### Task description:
Only the lines from the start of the data through the line with "Noch vor 30" belong in the copy. Restate them word for word, minus the pictures.

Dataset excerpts
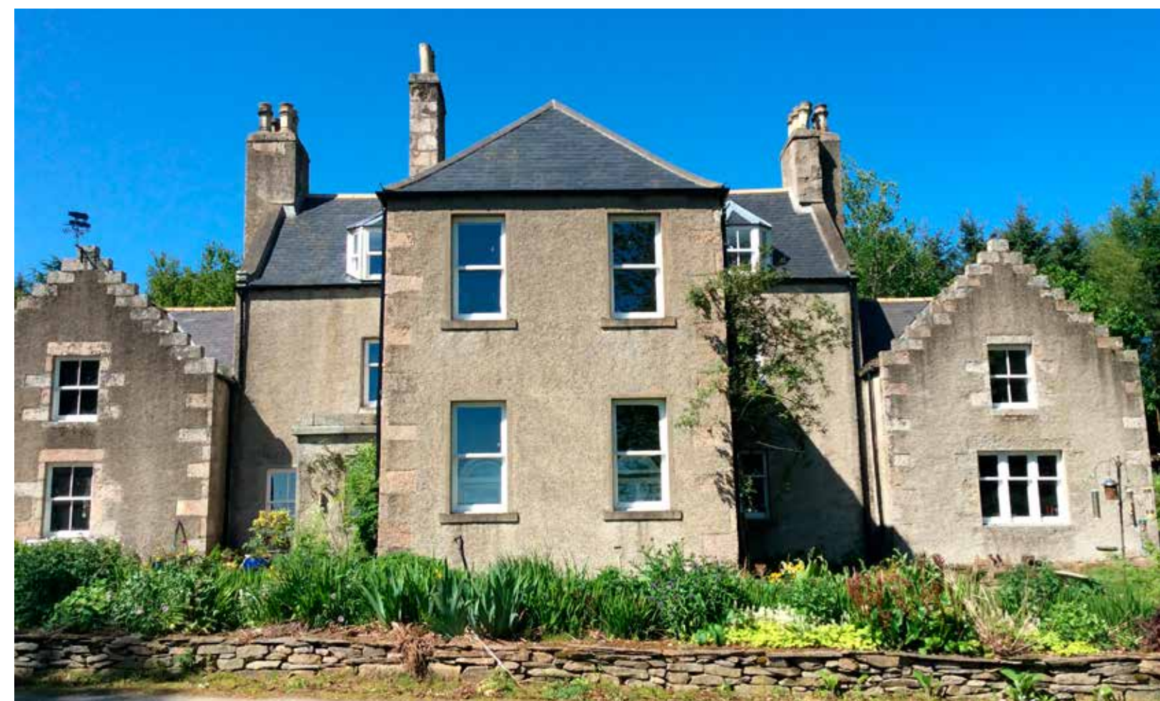
Camphill Community for children in need of special care, Camphill, Aberdeen, Scotland

Noch vor 30 Jahren zeigte sich der Camphill-Gedanke an sichtbaren strukturellen Äusserlichkeiten. In einer Camphill Dorfgemeinschaft lebten und arbeiteten begleitete Menschen zusammen mit den BetreuerInnen in einer wirtschaftlichen Gemeinschaft. Heute hat sich das Äussere verändert – Camphill lebt vom inneren Gedanken.
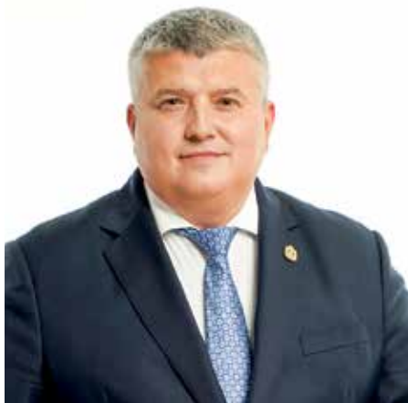
ДРОНОВ АЛЕКСАНДР ВАЛЕНТИНОВИЧ, КАНДИДАТ НА ДОЛЖНОСТЬ ГУБЕРНАТОРА НОВГОРОДСКОЙ ОБЛАСТИ
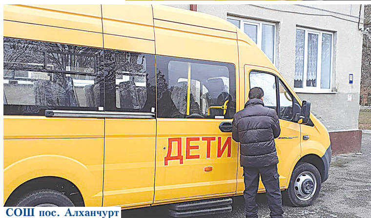
СОШ пос. Алханчурт
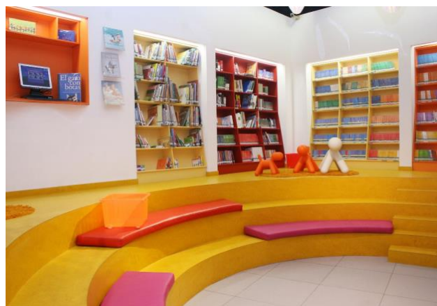
Biblioteca VIVA, Mall Plaza Tobalaba

### Response to the task:
Camphill Community for children in need of special care, Camphill, Aberdeen, Scotland

Noch vor 30 Jahren zeigte sich der Camphill-Gedanke an sichtbaren strukturellen Äusserlichkeiten. In einer Camphill Dorfgemeinschaft lebten und arbeiteten begleitete Menschen zusammen mit den BetreuerInnen in einer wirtschaftlichen Gemeinschaft. Heute hat sich das Äussere verändert – Camphill lebt vom inneren Gedanken.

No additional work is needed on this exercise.